InStride Health gets $30M investment

By Catherine Robertson Souter
July 5th, 2024
(From left to right): John Voith, CEO and co-founder; Mona Potter, M.D., chief medical officer and co-founder; James McElhiney, chief technical officer and co-founder; and Kathryn Boger, Ph.D., chief clinical officer and co-founder.
(From left to right): John Voith, CEO and co-founder; Mona Potter, M.D., chief medical officer and co-founder; James McElhiney, chief technical officer and co-founder; and Kathryn Boger, Ph.D., chief clinical officer and co-founder.

One area of focus is Maine

Two years after its launch, startup pediatric mental health company, InStride Health, announced the closing of a $30 million funding round. The money, raised from healthcare investors, will be used primarily towards research and development initiatives, said co-founder Kathryn Boger, Ph.D., with a goal of ensuring that the company maintains clinical quality as it expands.

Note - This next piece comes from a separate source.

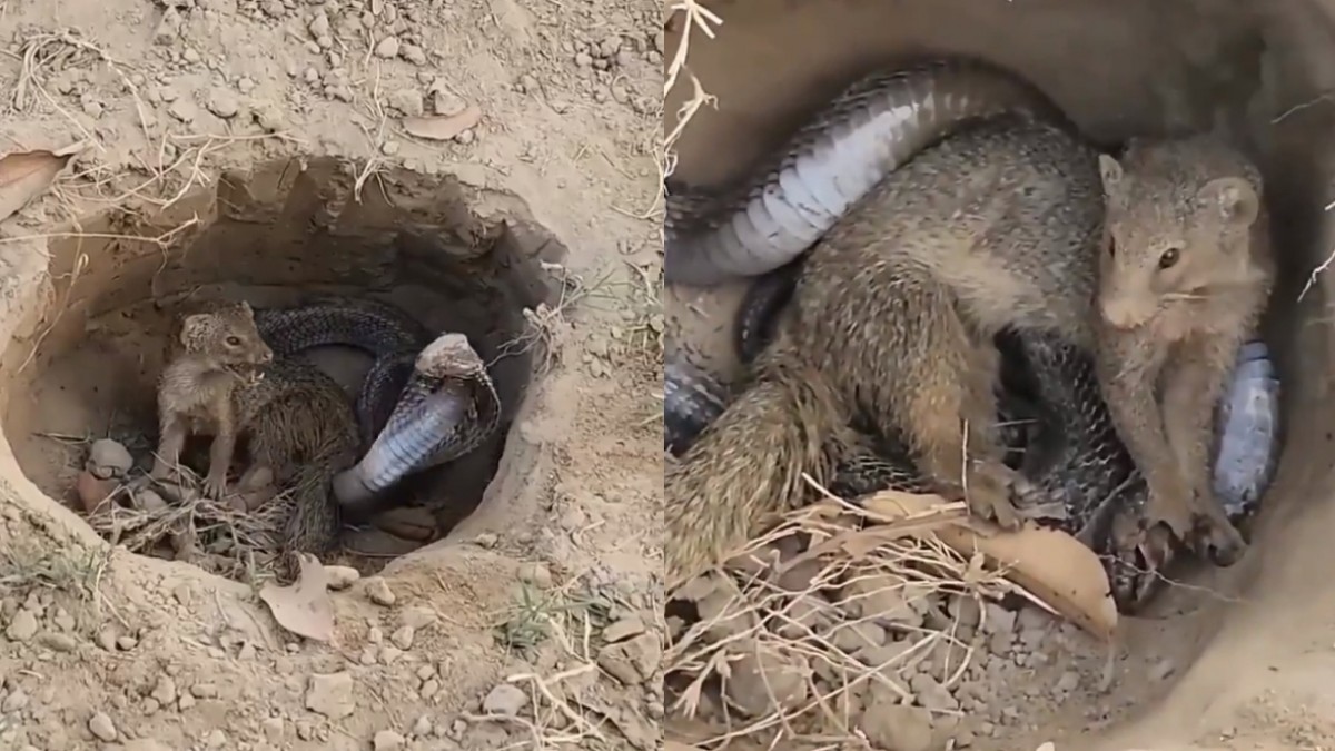 Snake vs Mongoose fight video: सांप के मुंह पर पैर रखकर बैठ गया नेवला, बिल में ही आई गई कोबरा की मौत

“The $30M investment in the company comes from healthcare investors who have a deep understanding of and appreciation for clinical quality in achieving a company’s mission and in producing a meaningful return on investment,” said Boger, who co-founded the company along with former McLean Hospital colleague Mona Potter, M.D., John Voith, CEO and James McElhiney, CTO.

The investment will help the company build out protocols and refine curriculum, Boger added, to keep the focus on maintaining a high level of consistency in training and delivering services.

“The $30M investment in the company comes from healthcare investors who have a deep understanding of and appreciation for clinical quality in achieving a company's mission and in producing a meaningful return on investment.” Kathryn Boger, Ph.D., co-founder, InStride Health

A company designed to deliver treatment to every child who needs it, InStride was founded by Boger and Potter to bring the model they created as part of McLean’s Anxiety Mastery Program to a wider audience.

“The clinical model was built over nearly a decade,” said Boger, “and was spun out of McLean to form InStride.” McLean supported the launch, with its senior leadership serving as advisors. Mass General Brigham, McLean’s parent company, is also an investor.

The goal for the company, in working with children, teens and young adults (ages 7-22) with anxiety and OCD, is to eventually expand to all 50 states at a time when the numbers of young people dealing with mental health issues has exploded. Currently, they provide care in eight states and employ just under 200 staff members.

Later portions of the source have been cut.